Two miscarriages later and I’m not feeling so enthusiastic about being a champion or a fortress or a pillar of support anymore.   All I’ve been able to muster in words of encouragement for my friend on her most recent pregnancy is a simple “congrats” to add to the multitude of other congratulatory responses she’s received.   I wish her the best, I really do, I just don’t want to talk about or otherwise be around it, that’s all.   So should she ever want to talk to me about birth plans and swollen ankles and nighttime trips to the bathroom, for now it’s going to be nothing but blank stares, crickets and tumbleweeds. 

 

How do you feel about your friends' pregnancies?  Has your opinion about thier pregnancies and/or your comfort level with them changed over time?  Do you feel guilty about the way they make you feel?  Have you been made to feel guilty about the way they make you feel?  

friend

I lost a few friends after George died.  Well, really, they were in the process of being lost during the five weeks that he was in the process of dying and that I was in the process of changing into something different than before.  For those weeks and the ones immediately following, phone calls went unanswered and emails went unreturned.  Our previously close relationships changed into something else, something not anything anymore.
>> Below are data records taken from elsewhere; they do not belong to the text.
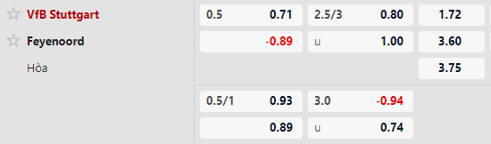 Thông tin tỷ lệ kèo Stuttgart vs Feyenoord: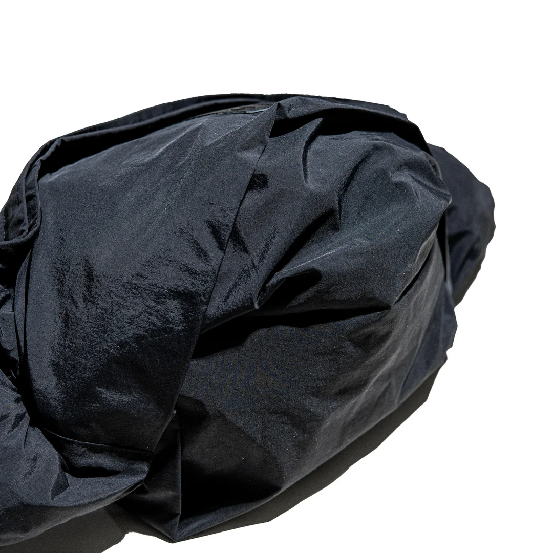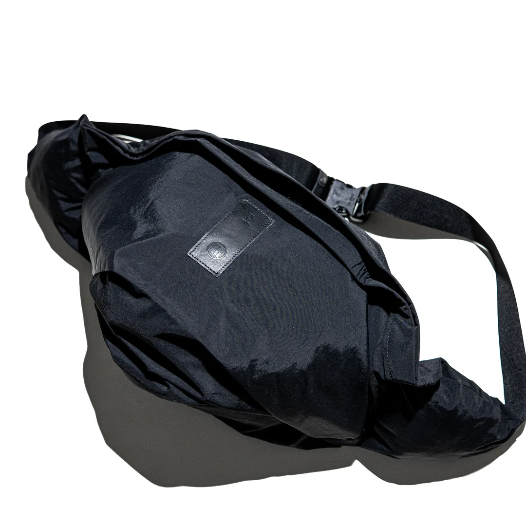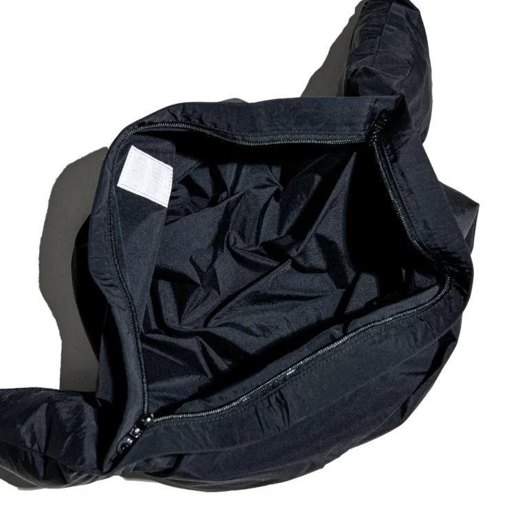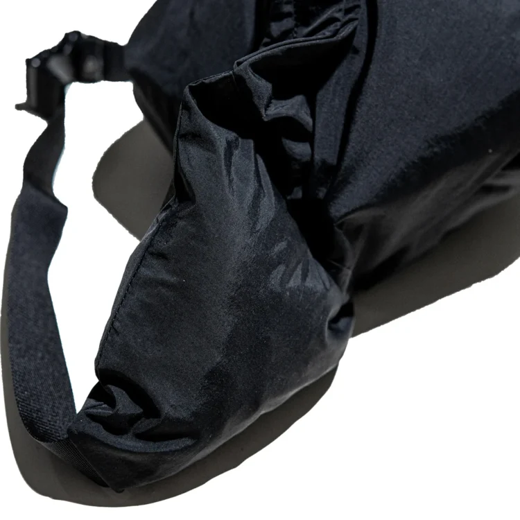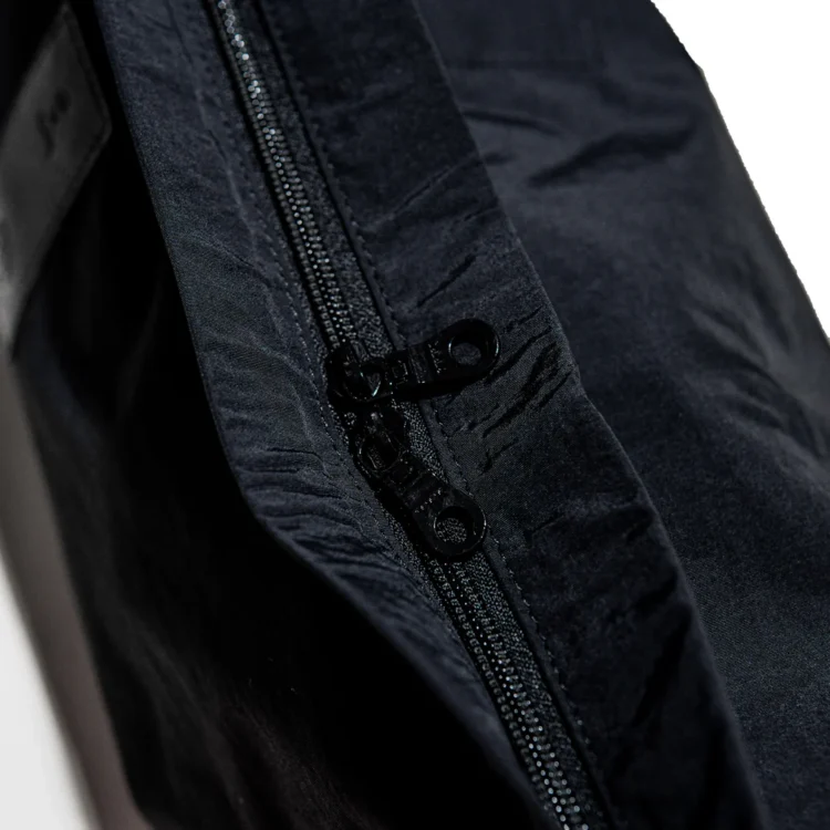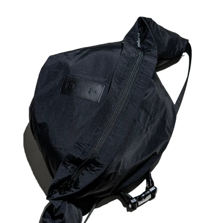 機動力を兼ね備えたタスキ型ショルダーパック。柔らかく、しなやかなコットンライクなナイロンとバッグの仕様と合わさってドレープ感を作り出します。本体と両サイドと3つ収納場所があります。本体はモノを収納すると、中にタックマチが内蔵されており、そのモノの大きにより立体的になる仕組みです。忍者の頭巾のようなヴィジュアルに変化します。両サイドにはファスナーポケットが完備されており、小分け可能。メインボディーはタスラン糸から作られた日本製ナイロンタフタ。こちらのタスラン糸はリサイクル。GRS認証を取得した工場で生産。撥水効果もありながら、フッ素フリーのCO撥水剤にて仕上げられており人体に優しい生地です。付属レザーは兵庫県姫路市にて製作されたyorozuオリジナル防水革。マットな仕上がり。サスティナブルな製法。しなやかなで肌触りが心地よいです。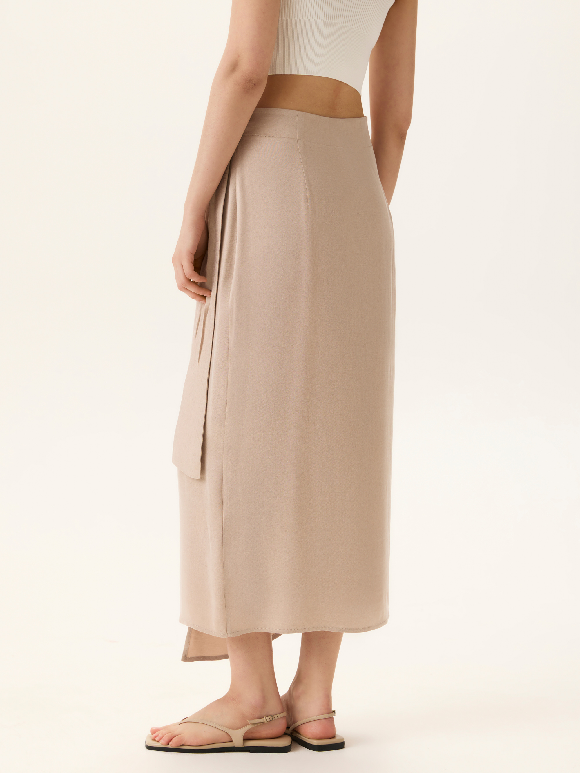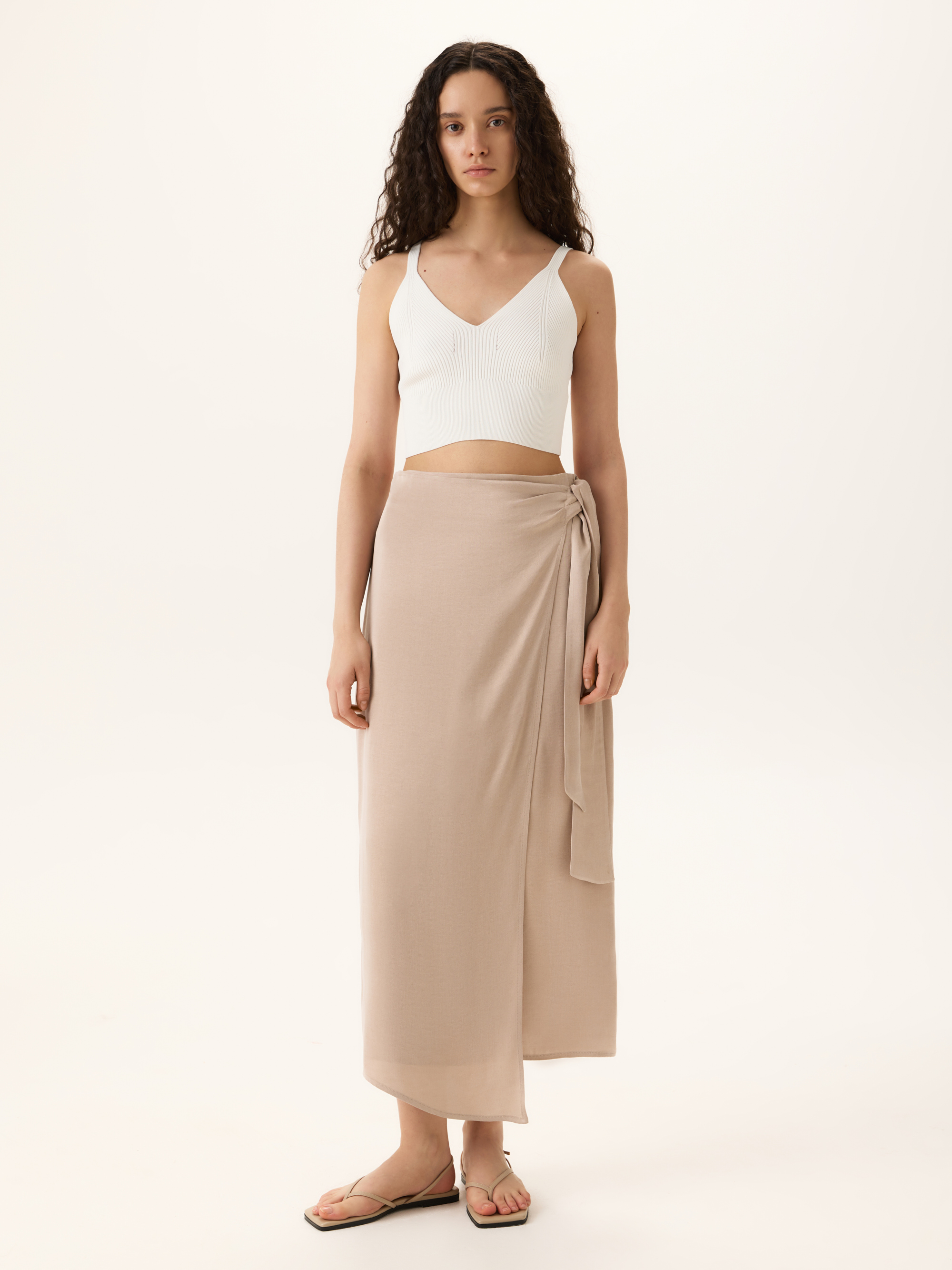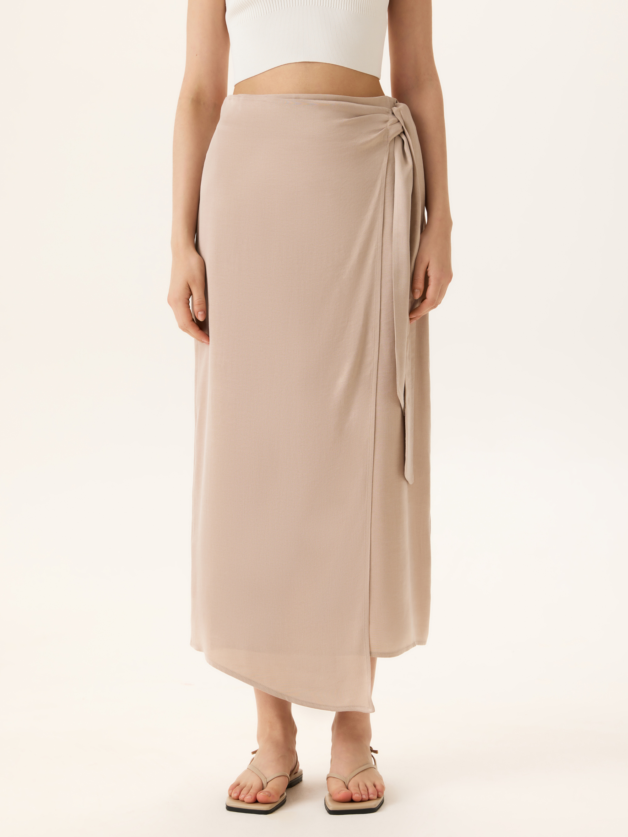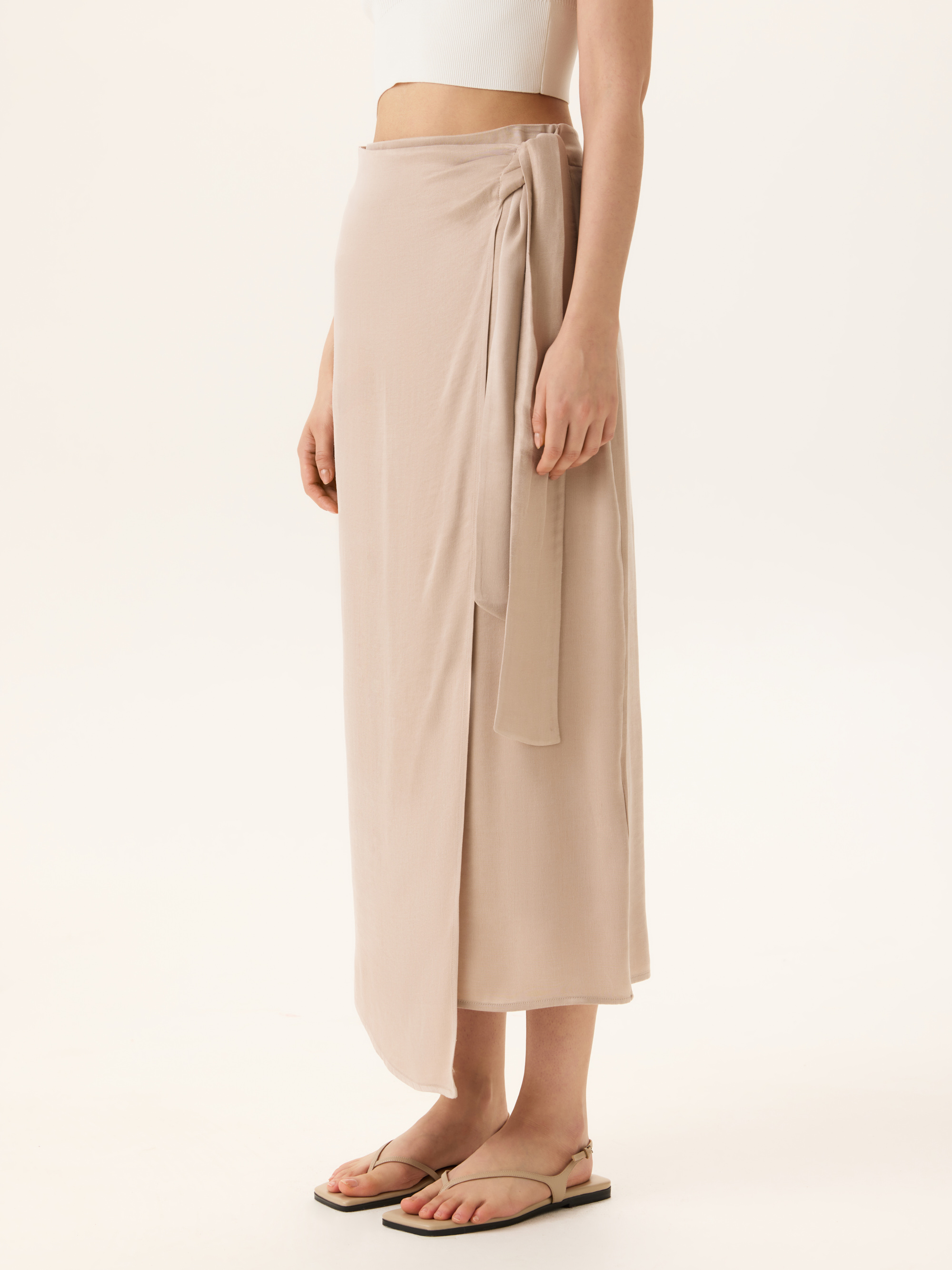 Элегантная юбка на запах с эффектным узлом – идеальный вариант для создания повседневных романтичных образов. Лаконичный крой и универсальная актуальная длина мидакси. Выполнена из гладкого и упругого тенсела с вискозой, которые хорошо держат складки. Материал мягкий, с приятной прохладой. Комбинируйте с кроп-топами, футболками и рубашками. Дополняйте босоножками, сандалиями и кедами.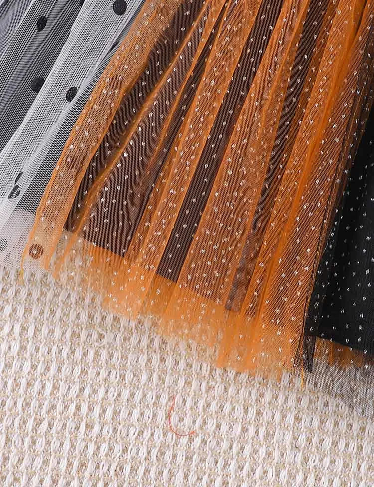 Halloween Polka Dot Tulle Dress Cape Two-piece Set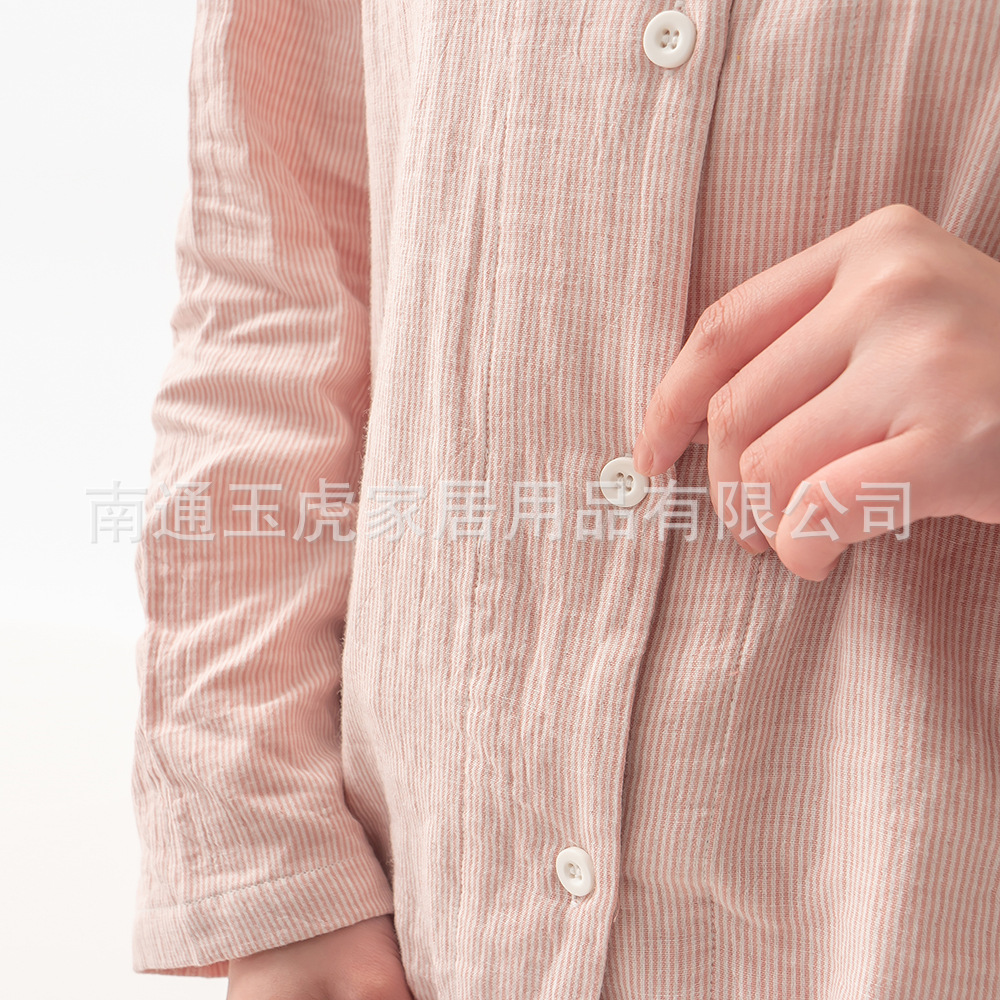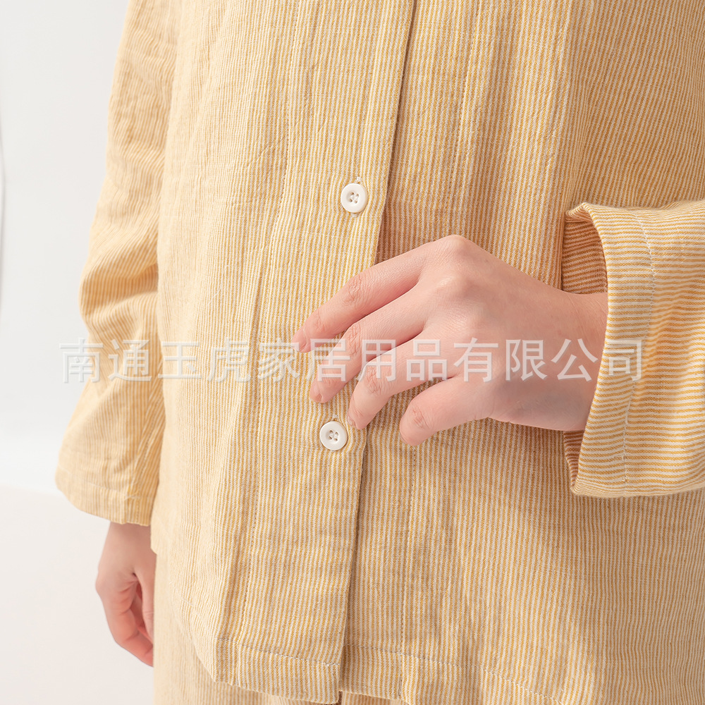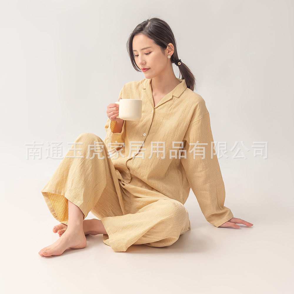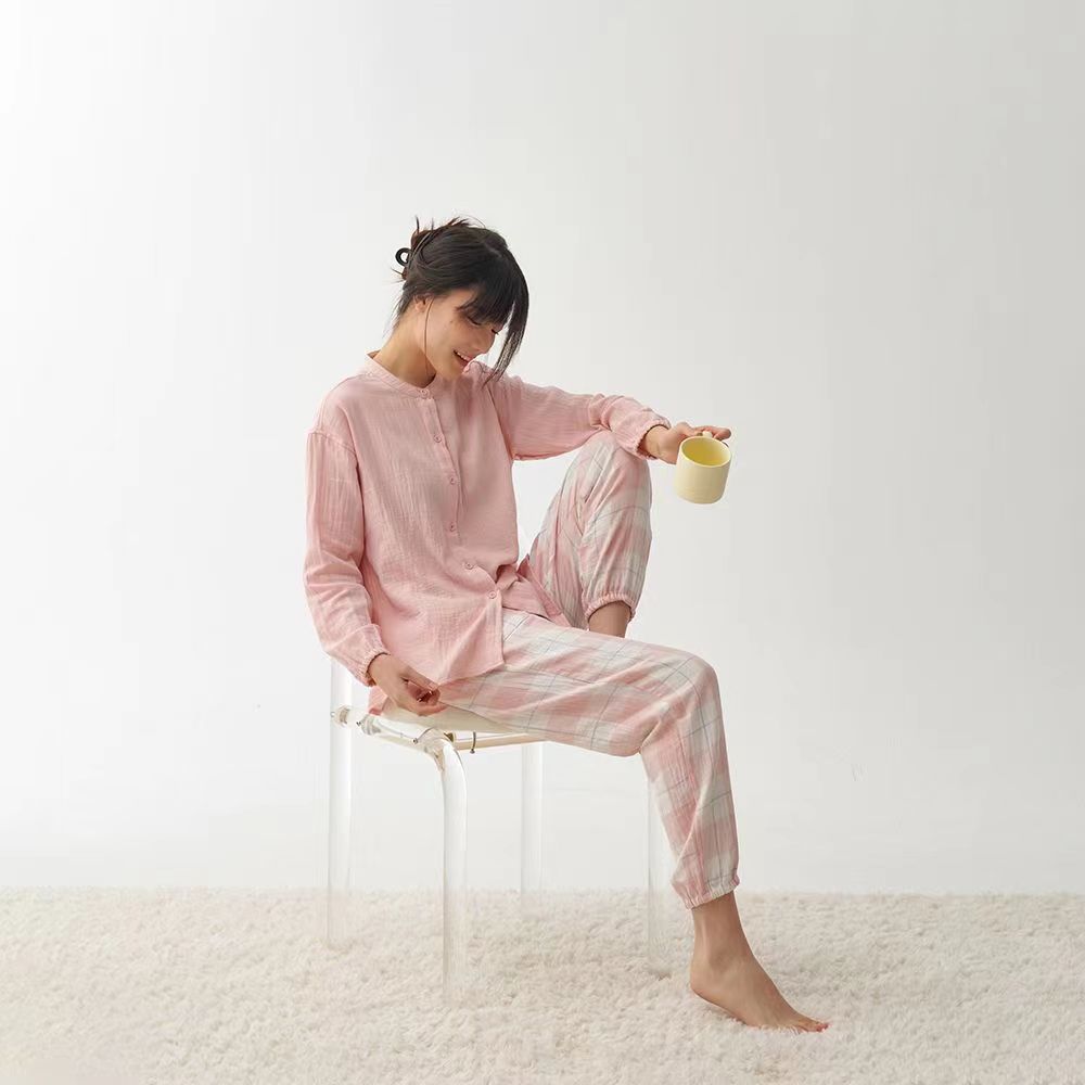 日本の純綿二重ガーゼパジャマセットズボン男性と女性の長袖カップルスタイルホーム服卸売は屋外で着用できます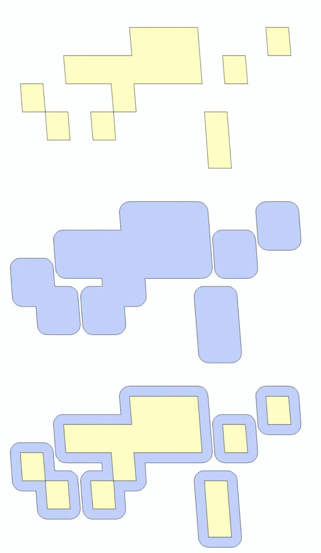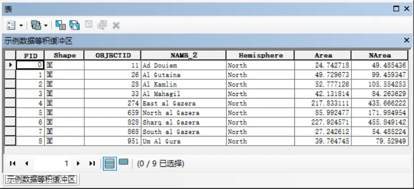 图中黄色区域为示例数据(局部),蓝色区域为示例数据的等面积缓冲区,蓝色区域的面积(NArea)为黄色区域面积的2倍(Area)。

I was taken by surprise by the change but I probably shouldn’t have been.  

...

Melissa made the drive to the hospital from across town after work.  She brought a board game and we played scrabble on my hospital bed.  Our laughter temporarily filled the space that the thwump-thwump of his heart tones normally took up in our room.  Nurses, who were as constant as my shadow, mostly left us alone and for an entire hour I felt almost normal again.

...

I can look back at my life and divide it into discrete periods, each one associated with a different version of myself.  Each Brianna, similar in some ways and completely unique in others, was surrounded by a relatively distinctive set of friends.  Adolescent Brianna and Teenage Brianna had some friends in common but they mostly faded away once University Brianna made her first appearance.  University Brianna evolved into Adult Brianna and the story repeated itself; friends came and went.  Throughout all the versions of myself over the years there have been a few friends that have remained steady: veins of marble in the limestone of my life.  For the most part though, friends have come and gone with time. 

...

The necklace that often hangs from my neck is a secret between Jennie and me.  A delicate gold band imbedded with a single diamond, a gift she gave me immediately after George died.  “Your laughing star in the night sky,” she told me. “Remember the Little Prince.”

...

As I’ve changed -or maybe as my friends have changed- so have our relationships.  Sometimes we’ve stayed buoyed to each other and sometimes we’ve floated away, each pushed along by the tide of our own lives.  The friendships that have stuck and have followed me through my life despite all the changes, both theirs and mine, are the ones in which we’ve continued to find new places in our lives for each other. 

 ...

Natalie and Marc flew out for a long weekend after he died.  We went to the beach and to a karaoke bar.  We stayed up too late and drank too much red wine.  They ate Korean fried chicken with us even though they did not eat meat.  They listened.  We talked and cried.  They remember our son…still. 

...

I am not the same as I was four years ago and neither are all of my friendships.  There is no more animosity for the ones who could not stay but there is so much gratitude for the ones that did. 

 

 

 

Tell me about the people who stayed, the people who were there to abide with you.  Tell me about your Melissas, Jennies, Natalies, and Marcs.  I want to hear about the good hearts and the souls who have suffered right along with you.  Tell me about the ones who have continued to love you even as you’ve changed.